Ruhlar ve Surlar: Zihin Duvarları

Ruhlar ve Surlar: Zihin Duvarları

Editör: Seydunaa

🔍 Kaynak: Agnostik Hararetli Bir Manifesto, Lesley Hazleton

📚 Kategori: Felsefe / Psikoloji

⏱️ Ortalama okuma süresi 3 dk.

Bir cesaret öznesi olarak ruh? Eğer öyleyse, bu alkışlanan kahramanın göz önündeki cesareti değil de her gün dünyaya açılma cesaretini gösterebilen türde bir sessiz cesarettir. Bazı insanların ruhu yok değil ama onların içindeki ruhun niteliği sanki çekilip içine kapanmış büzüşmüş gibi görünüyor. Bunlar savunma konumu almış ve etraflarına bir duvar örmüşler.

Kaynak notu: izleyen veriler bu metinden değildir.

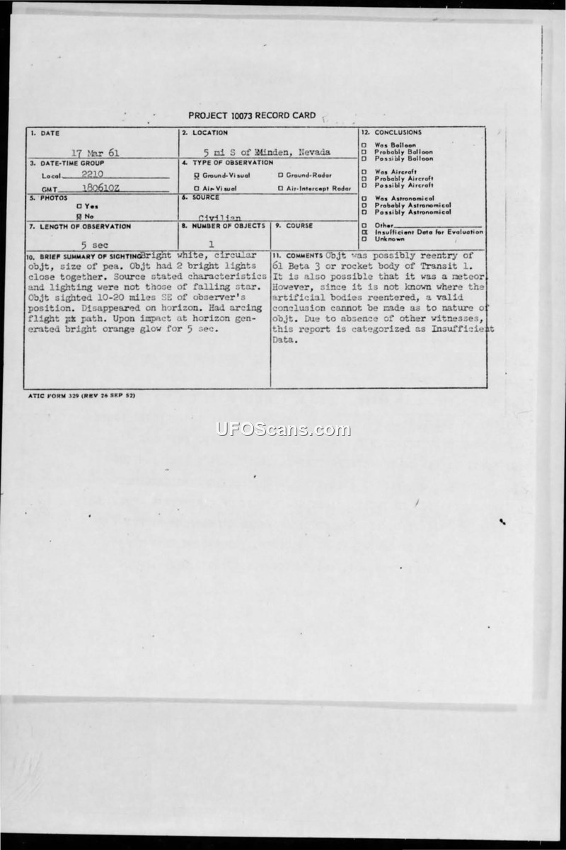 Project 10073 Record Card and Message — 17 March 1961 Sighting, Minden, Nevada

Duvarlar korku yüzünden, dünyayı dışarıda tutma arzusundan örülür. Eskiden şehirlerin etrafında surlar varken, duvarların ötesinde kalan her şey tehlikeli, bilinmez ve beklenmedik diye görülür vahşi yaşam olarak düşünülürmüş. Yaklaşmak yerine uzakta durmak daha güvenliymiş. Geceleri şehir sakinleri içeri çekilir ve şafak sökene dek kapılar kapanırmış. Surların içi güvenliymiş gibi görünse de bu aslında tecrit edilmişlik ve altta yatan derin bir güvensizlik hissini de içeriyordu. Güçlendirilmiş surların ardında yaşamak muhtemel bir saldırıya karşı sürekli tetikte beklemek demekti. İnsanları güvende tutmak amacını taşıyan şey aynı zamanda onların ne denli tehlikede olabileceğini de bilinçlere kazıyordu.

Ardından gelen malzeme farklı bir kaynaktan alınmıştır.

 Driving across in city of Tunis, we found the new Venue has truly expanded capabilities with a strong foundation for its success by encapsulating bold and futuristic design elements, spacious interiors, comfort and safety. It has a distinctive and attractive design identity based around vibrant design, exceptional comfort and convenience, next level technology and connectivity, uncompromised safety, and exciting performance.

Surların çifte etkisi vardır. "Bir duvar örmeden önce bilmek isterdim / Neyi duvarın içinde ve dışında bırakıyorum," diye yazmış Robert Frost 'Duvarı Onarmak' adlı şiirinde. Bence bu harika bir soru çünkü taş ve beton duvarlar için geçerli olan şeylerin aynısı zihinsel duvarlar için de geçerlidir. En kötüsünü beklerken insan kendi etrafına bir duvar örer. Tanıdığın şeytan tanımadığın dosttan, bilinmezliğin öngörülemezliğinden yeğdir der kendine; farklı bir gelecek umudu yerine geçmişle yaşamak daha iyidir. Kendini nüfuz edilemez kıldığı için güçlü olduğuna inandırır kişi ama buna rağmen korku içinde yaşıyordur. Görüşü kapanmıştır. Sur kapıları çekilmiş ve dünyayla arasına hatta bazı uç durumlarda dünyaya karşı duvar örmüştür.

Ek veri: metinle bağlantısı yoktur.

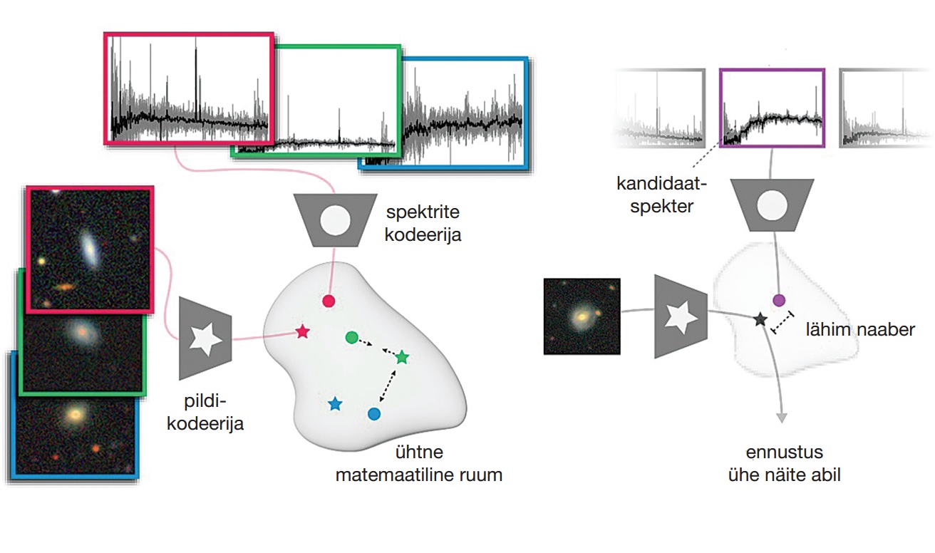 Simonsi instituudi teadlaste pakutud AstroCLIP-i mudel oskab panna galaktikate pildid ja nendele vastavad spektrid ühtsesse matemaatilisse ruumi. See tähendab, et tehisaru õpib statistilisel tasemel neid andmeid seostama. ALLIKAS: ARXIV.ORG/PDF/2310.03024

Ya kapılar açık kalırsa? Ruhu olmak incinebilir olmaya yetecek denli cesur olmak mı demektir? İncinebilirliğin risklerini kabul etmek ve bunları yine de isteyerek kucaklamak mıdır? Çünkü bunlar risktir. Güçlü ruhlar diye tanıdığım kişiler bunu bilir. Onlar soul müziğin bir tür özneleridir. Çoğunlukla acı tecrübelerin izlerini taşırlar ama korku veya dargınlığın kendilerini yönetmesine izin vermezler. Aziz değillerdir, aynı bizim gibi kusurları vardır ama hem kendi kusurlarını kabul ederler hem de başkalarınınkini ve eğer dünyaya karşı daha barışık olabilmişlerse bu zor kazanılmıştır.

Bunu direnmiş, dayanmış ve diğer taraftan yorgun argın yara bere içinde ama zaferle çıkıp elde etmiş ve fakat hayatta olmanın anlamına dair çok daha derin bir minnettarlık da hissetmişlerdir. Onlar hem bilinmezi hem de bilinmeyebilir olanı kucaklar önyargısız keşfeder ve inançlarını güven üzerine inşa eder, daima haklı olmanın aldatıcı kesinliği yerine haksız çıkma şansını tercih ederler.

Açık ve kapalı: belki konuyu bu şekilde düşünmeye ihtiyacımız var. Duygulu veya ruhsuz değil veya cesur ruhlar ya da ürkek olanlar şeklinde hiç değil de açık ruhlu veya kapalı ruhlu olarak düşünmeliyiz. İkincisi büzüşüp diğerlerinden kaçarken ilki genişleyip elini uzatır kendini dünyadan sakınmak yerine dünyaya açılır.